Baseline methods frequently enter loops and rarely recover (below 1%). DORA substantially reduces loops encountered and achieves 5× to 20× higher recovery rates across all TALES environments.
| Method | TextWorld | ScienceWorld | AlfWorld | ||||||
|---|---|---|---|---|---|---|---|---|---|
| Loops | Rec. | % | Loops | Rec. | % | Loops | Rec. | % | |
| Zero-shot | 612 | 3 | 0.5 | 2551 | 9 | 0.35 | 811 | 0 | 0.0 |
| Prompt Explore | 663 | 5 | 0.8 | 2321 | 10 | 0.43 | 721 | 1 | 0.1 |
| CoT | 673 | 24 | 3.6 | 2621 | 6 | 0.23 | 846 | 1 | 0.1 |
| ToT | 783 | 8 | 1.0 | 2801 | 2 | 0.07 | 857 | 0 | 0.0 |
| DORA (Auto) | 185 | 36 | 19.5 | 1234 | 45 | 3.6 | 111 | 12 | 10.8 |
Table 3. Loops encountered, loops recovered, and recovery rate (%) across TALES environments.

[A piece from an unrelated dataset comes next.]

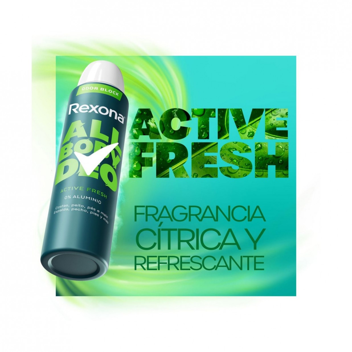 ¡Sumá a tu rutina el nuevo Desodorante en Aerosol para Todo el Cuerpo Rexona All Body Deo Active Fresh 150 ml! Este desodorante se suma a tu rutina de cuidado personal para que te sientas segur y fresco todo el día, controlando el olor de cada parte de tu cuerpo, incluida tu zona íntima.
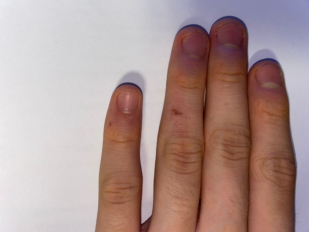 약지와 소지 왼쪽에 갈색 점들이 생겼는데 무슨 병인지 궁금합니다. 비누로 지워보려 해도 지워지지 않습니다.

DORA visits significantly more unique states per task across all TALES environments, indicating greater coverage and information gathering.
Figure 1. Average number of unique states visited per task across TALES environments.
| Model | τ=0 | τ=0.3 | τ=0.7 | τ=1 | τ=1.5 | τ=2 | τ-policy | DORA |
|---|---|---|---|---|---|---|---|---|
| Llama-3.1 8B | 39.41 | 34.08 | 30.74 | 14.33 | 0.00 | 0.00 | 0.00 | 44.74 |
| Qwen-2.5 7B | 27.65 | 23.65 | 26.74 | 17.65 | 21.83 | 12.83 | 10.33 | 44.62 |
| Mistral Small 22B | 60.16 | 54.62 | 39.83 | 5.83 | 5.83 | 0.00 | 0.00 | 73.59 |
Table 4. Comparison of τ-sampling strategies against DORA on TextWorld.
| (α,β) | (1.0,0.0) | (0.8,0.2) | (0.6,0.4) | (0.4,0.6) | (0.2,0.8) | (0.0,1.0) |
|---|---|---|---|---|---|---|
| Mean Reward | 0.496 | 0.514 | 0.509 | 0.506 | 0.500 | 0.511 |
| SuffFail | 0.05 | 0.00 | 0.05 | 0.05 | 0.05 | 0.00 |
| Best Arm | 0.516 | 0.585 | 0.584 | 0.540 | 0.528 | 0.577 |
| Regret | 19.34 | 16.61 | 16.63 | 18.40 | 18.90 | 16.92 |
Table 5. Effect of the α confidence–consistency weighting on MAB performance.
| Model | λ-Sched | Auto |
|---|---|---|
| Qwen-2.5 7B | 5.83 | 42.95 |
| Llama-3.1 8B | 21.00 | 41.89 |
| Mistral Small 22B | 9.17 | 69.57 |
Table 6. λ-schedule versus Auto-Explore on TextWorld.
DORA Explorer uses ~2× more tokens than Prompt Explore (which uses the fewest), but this additional compute translates into significantly better task performance.
Figure 2. Average token usage per task on TALES TextWorld.